In Payless Holdings Inc., LLC, Re (“Payless”), an application for the approval of certain debtor-in-possession (“DIP”) financing arrangements between, among others, a US parent in Chapter 11 and its Canadian subsidiary, was rejected on the basis that the arrangements did not provide sufficient protection for all Canadian creditor parties that stood to be affected.
Payless Holdings LLC (the “Applicant”), a US entity, had filed for relief pursuant to Chapter 11 of the U.S. Bankruptcy Code. As a condition for certain DIP financing arrangements which had been conditionally approved in the US proceedings, certain Canadian subsidiaries of the Applicant (the “Canadian Entities”) were required to grant a charge to the Applicant’s lenders as well as provide guarantees. These arrangements would have made the Canadian Entities liable for the Applicant’s borrowing prior to filing under Chapter 11, as well as for the DIP financing arrangements. The Canadian Entities were not borrowers nor guarantors under the pre Chapter 11 financing.
The Applicant applied in Canada for orders pursuant to sections 46 through 49 of the Companies Creditors Arrangement Act (“CCAA”) seeking, among other things, approval for the Canadian Entities to enter into the guarantees and charging agreements (the “DIP Order”). Under the proposal, the majority of the Canadian Entities’ creditors had protection by way of a Critical Vendors’ Charge, an Unsecured Creditors’ Charge and a Prepetition Wages and Benefits Order. However, a group of landlord’s having multiple locations (the “Landlord Group”) were not similarly protected. Further, the DIP agreement specifically provided that the DIP Agents, DIP Lenders and other pre-petition lenders would not be subject to the equitable doctrine of “marshalling” or any other similar doctrine that might provide the Landlord Group with a degree of comfort in the proposal. As such, the Landlord Group opposed the application, arguing that the DIP Order was detrimental to the position of the Landlord Group and should not be granted.
The Applicant stressed that approval of the DIP Order was in the best interests of the entire corporate organization and its many stakeholders, and maintained that the Applicant would be unable to finance its operations without immediate access to the DIP financing, which would have a disastrous effect on the Canadian Entities given their heavy reliance on the Applicant. The Applicant presented two cases, Hartford Computer Hardware Inc., Re (2012 ONSC 964) (“Hartford”) and InterTAN Canada Ltd. Re, (2008 CarswellOnt 8040 (Ont. S.C.J.[Commercial List]) (“InterTAN”) as precedents for court approval in similar circumstances.
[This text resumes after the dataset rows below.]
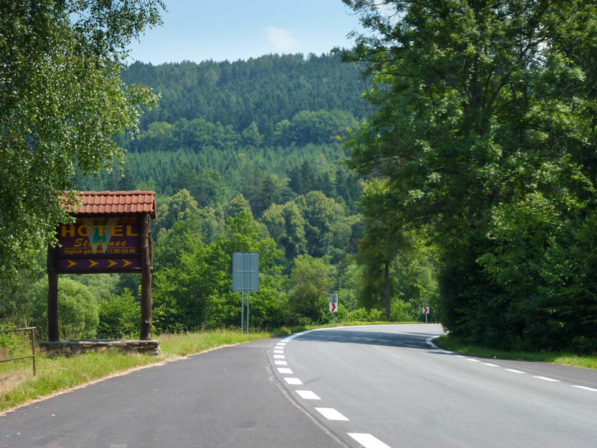 Ve Vyšším Brodě na náměstí odbočíme do kopce na silnici II/161. Kolem vietnamských stánků s trpaslíky, obludnými lesklými baňkami na plot a jinou veteší začneme stoupat do Studánek. Odsud je to 3 km na státní hranici.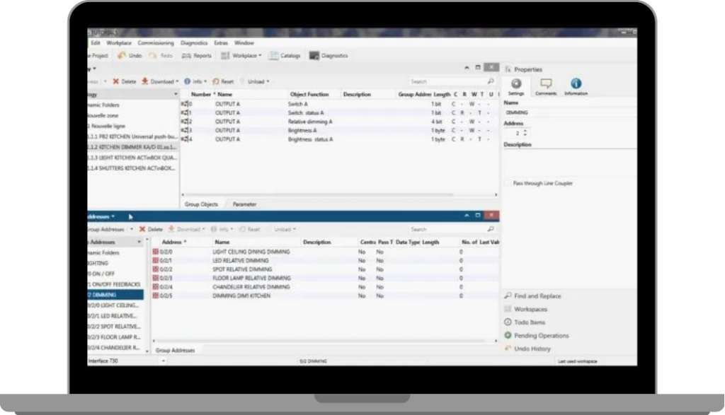 Wgrywamy aplikacje na każde urządzenie, parametryzujemy je i tworzymy logikę połączeń za pomocą adresów grupowych. ETS pozwala na precyzyjne zarządzanie systemem, umożliwiając tworzenie zaawansowanych rozwiązań w automatyce budynkowej.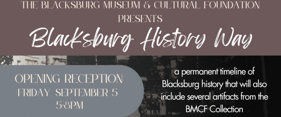 During September’s Art Walk, we will celebrate our new permanent exhibit showcasing significant events in Blacksburg. Thanks to our in-house graphic designer, Jolie Rice, for all her talent, patience, and dedication to this meaningful project.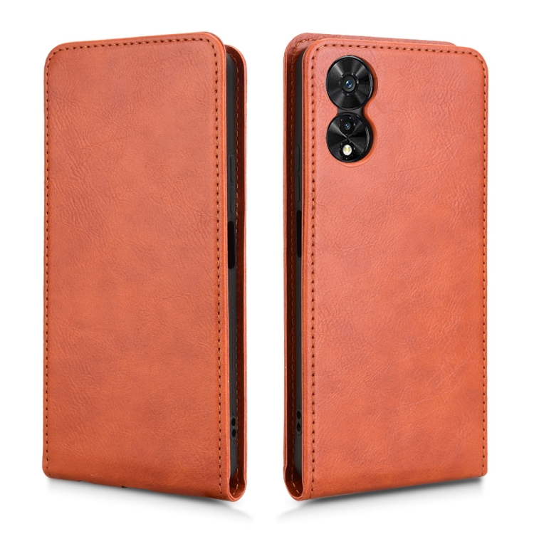 Funda de Cuero con Tapa Vertical Magnética para Teléfono TCL 505 4G (Marrón)

The Court rejected the proposal, stating that if the DIP Order was to be approved “there would have to be adequate protection to ensure that all Canadian creditor groups would not be adversely affected by the grant of the security” (emphasis in original). The Court noted that while the orders in Hartford and InterTAN would have subject non-borrower subsidiaries to the pre-existing debt liabilities of US parent companies, there was no opposition to those orders. Further, in Hartford, there was no indication that certain Canadian creditor groups would be prejudiced more than others. While the same was not true in InterTAN, the Court noted that the referenced decision had been made in the midst of a serious liquidity crisis in 2008. In Payless, although the DIP financing was important to the Applicant and by extension, the Canadian Entities, the cash flow statements did not evidence the same urgency as was present in InterTAN.
On the basis of the above noted factors, the Court refused to grant the DIP Order, noting that it was up to the Applicant to provide the Landlord Group with the same identifiable and quantifiable forms of protection being provided to the other Canadian creditors.
Payless reminds applicants of the discretionary nature of certain orders in CCAA proceedings and the need to pay close attention to the facts of cases being relied on as precedent. In particular, the Court’s pronouncement that all Canadian creditor groups should be afforded equal protection in circumstances similar to those in Payless signals that one should not be overly reliant on the principles of comity in making an application for court approval of cross border DIP financing and will need to demonstrate that real and detrimental implications will flow in the event that a Court rejects the proposal of an applicant.